Traditional use:

Cat’s claw is native to the South and Central American tropical rain forest and an important Indigneous Peruvian medicine, specifically of the Asháninka Indians. A decoction of the bark has been used to treat many chronic and degenerative processes (including cancer & tumors), inflammatory conditions (arthritis), gastric ulcers, intestinal colic, diarrhea, venereal diseases, snake bite, diabetes, asthma, uterine hemorrhage, internal wounds, kidney damage, and is believed to have tonic or restorative properties during convalescence or debility.

Evidence Based use:

• May be useful in chronic inflammatory conditions including arthritis (rheumatoid & osteo), gastritis, ulcerative, colitis, allergies, bronchitis, and asthma.
• As immune support for infections and chronic immune deficiency disorders such as HIV and post-viral syndromes.
• Has been shown to increase vitality and reduce side effects in cancer patients undergoing chemotherapy, radiation, or surgery.
• Has improved immune function in HIV/AIDS (shown to stabilize and/or reduce CD4-cell count), reduced HIV-related symptoms, and increased vitality in HIV patients receiving antiretroviral treatment.
• As an anti-inflammatory and antioxidant has demonstrated moderate activity against COX-1 and COX-2, inhibition of NF-kB synthesis in vitro and in animal models.
• As a topical antiviral may be active against Herpes simplex and Varicella-zoster.
• Has been proposed as a treatment for Alzheimer’s disease and type II diabetes (inhibition of amyloid formation in vitro).

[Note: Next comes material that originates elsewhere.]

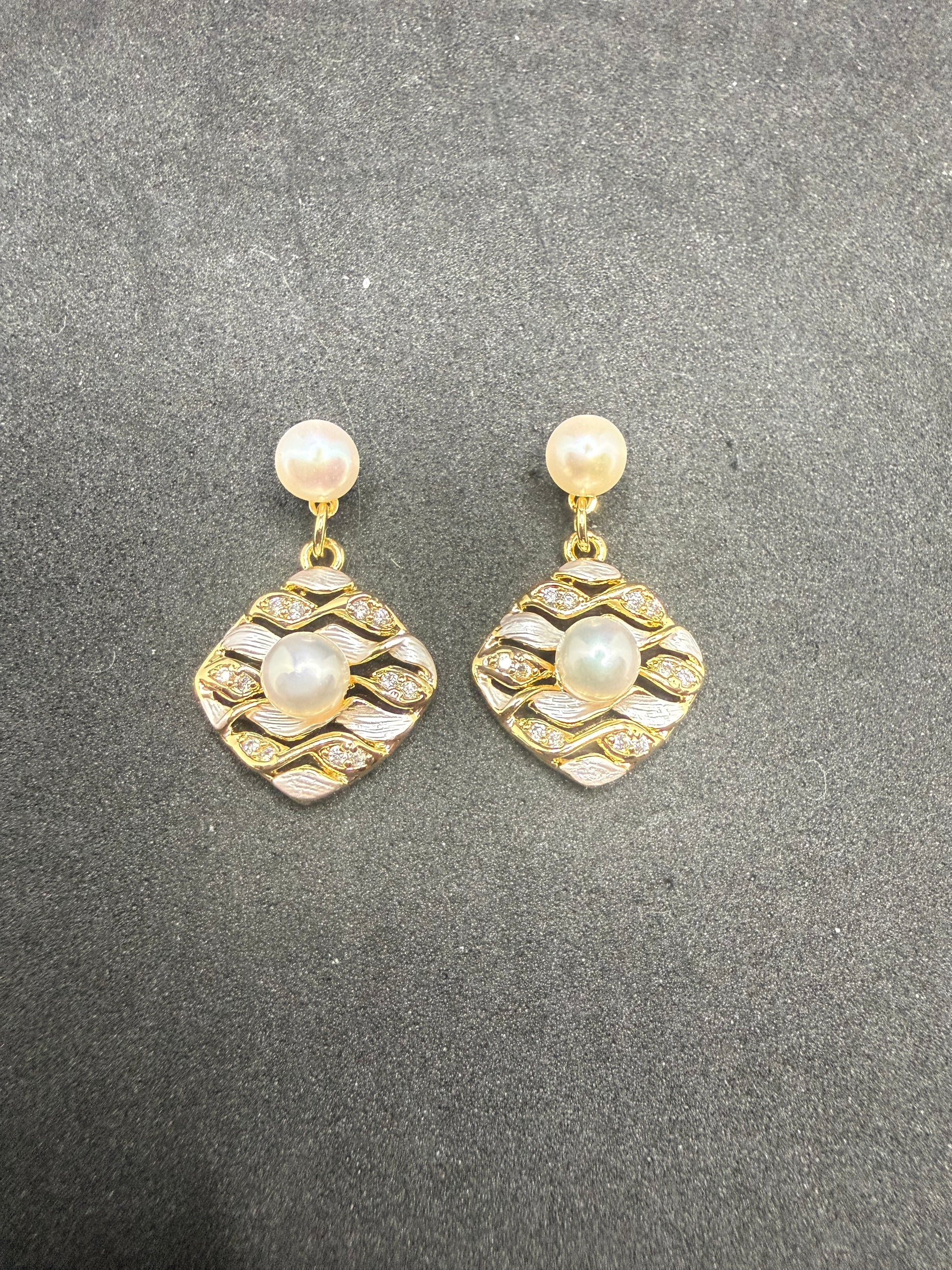 The Aurea Wave Earrings are a refined expression of movement and light. Sculpted in a soft diamond silhouette, flowing wave textures in gold-plated brass are highlighted with delicate zircon accents, while luminous natural pearls sit at the center and stud, creating a harmonious balance of sparkle and softness. Elegant yet distinctive, these earrings add timeless sophistication to both everyday wear and special occasions.

Mechanism of Action + Pharmacology:

• Two chemotypes of Cat’s Claw are considered to have separate pharmacological properties. One contains pentacyclic oxindole alkaloids (POAs) with only traces of tetracyclic oxindole alkaloids (TOAs), the other contains both POAs and TOAs. TOAs can have an immune-suppressing activity, and it is ideal to use the chemotype that is high in POAs and very low in TOAs.
• Pentacyclic oxindole alkaloids (POAs) largely affect cellular immunological systems, however bioactivity is likely spread over a wide range of constituents.
• In vitro POA stimulated phagocytosis and increased the proliferation of normal resting or weakly activated human B and T lymphocytes. Note: POA did not directly influence the proliferation, but induced endothelial cells to release a yet-to be-identified factor which influences the proliferation of lymphocytes. In contrast, TOA acted antagonistically towards the release of this factor.
• Increased granulocyte-macrophage progenitors in bone marrow (which may lead to an efficient and sustained response of phagocytes) and stimulated phagocytic activity of peripheral blood leukocytes in animal models.
• Anti-tumor effects against proliferation of leukemia cells in vivo and estrogen-dependent tumours in vitro, and anti-mutatgenic activity against photomutagenesis induced by psoralen and UV-A radiation demonstrated in vitro. Doses have correlated linearly and significantly with a decrease of mutagenic activity in the urine of adult smokers.
• Antiviral activity has been demonstrated for relatively high concentrations of certain quinovic acid glycosides in vitro.

Pharmacy:

• Decoction
• Tincture
• Tablets

Safety + Toxicity Concerns:

• In high doses may cause diarrhea, constipation and indigestion.
• Theoretical contraindication in leukemia patients awaiting bone marrow or organ transplant and persons with iatrically-induced immunosuppression (e.g. chemotherapy, organ transplants), autoimmune disease, multiple sclerosis, or tuberculosis.
• Mild cases of red blood cell elevation have been reported in AIDS patients and patients receiving large doses of chemotherapy. In rare cases, elevated uric acid values were observed, and extensive cell die-off in tumor patients may cause lytic fever lasting 1–2 weeks.
• Use caution in pregnancy and lactation.
• Do not use in children under 3 years old.
• Acute renal failure caused by “cat’s claw’” has been reported in a 35-year-old Peruvian female with systemic lupus erythematosus. The contents of the capsules were not analysed and the duration of treatment was not stated.

Interactions:

• May potentially reduce the rate of metabolism and thus increase serum levels of drugs taken orally via inhibition of CYP3A4.
• Potential antagonistic effects alongside immunosuppressive medications.
• According to one European manufacturer, is suggested to “take between chemotherapy treatments and after completion, but not with chemotherapy treatments; Do not take in conjunction with passive animal vaccines, intravenous hyperimmunoglobulin therapy; intravenous thymic extracts, drugs using animal protein or peptide hormones (e.g., bovine or porcine insulin), cryoprecipitates, or fresh blood plasma”. The rationale behind these comments is not known.
• Theoretically may increase the effects of anticoagulants and antihypertensives (based on research on TOA components isolated from Uncaria spp.)